# Data shown:

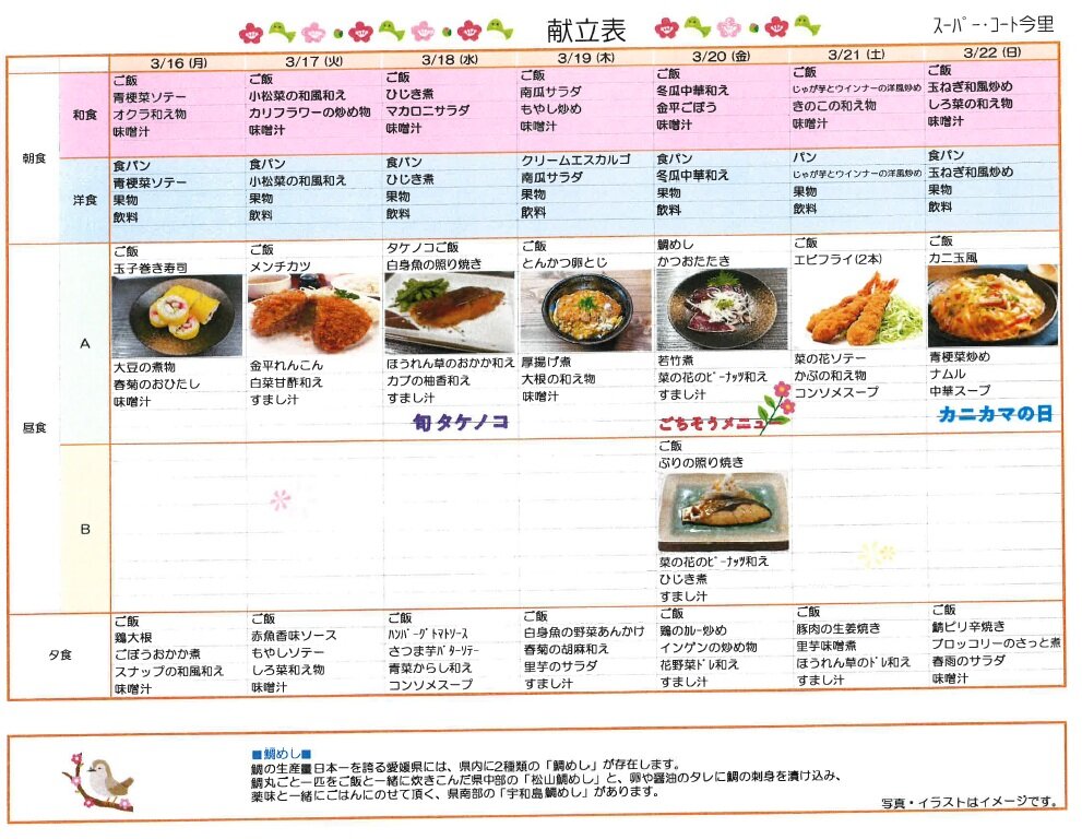3月16日からの献立メニュー♪
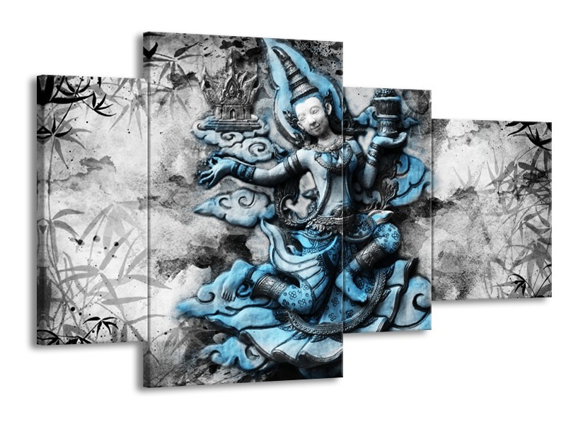 Canvas Schilderij Boeddha, Beeld | Blauw, Grijs, Zwart | 120x75cm 4Luik
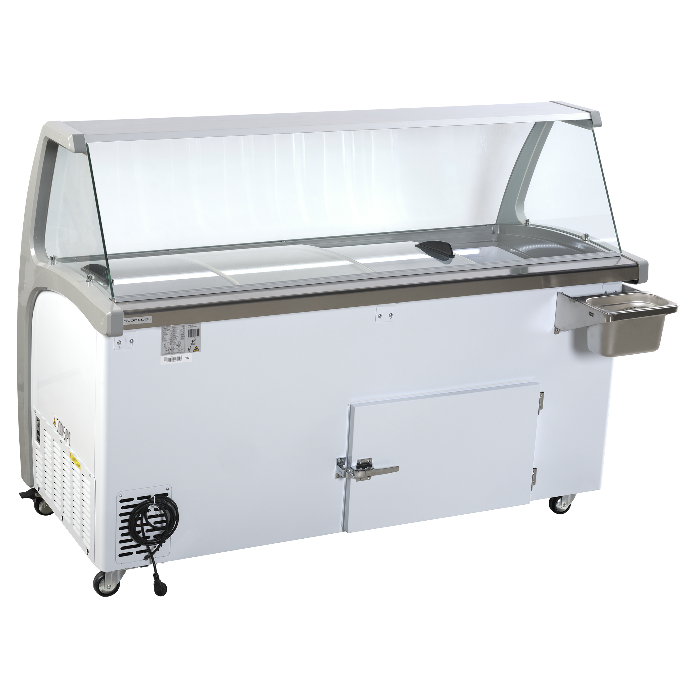 Frysen har ytterligare förvaringsutrymmen under behållarna, som nås via en separat bakdörr med plats för 20 fyllda iscannor. Facket är också idealiskt för reservvaror eller tillbehör.

# Task item:
Please copy out each line above exactly as written, but not the pictures.

# Exercise response:
3月16日からの献立メニュー♪
 Canvas Schilderij Boeddha, Beeld | Blauw, Grijs, Zwart | 120x75cm 4Luik
 Frysen har ytterligare förvaringsutrymmen under behållarna, som nås via en separat bakdörr med plats för 20 fyllda iscannor. Facket är också idealiskt för reservvaror eller tillbehör.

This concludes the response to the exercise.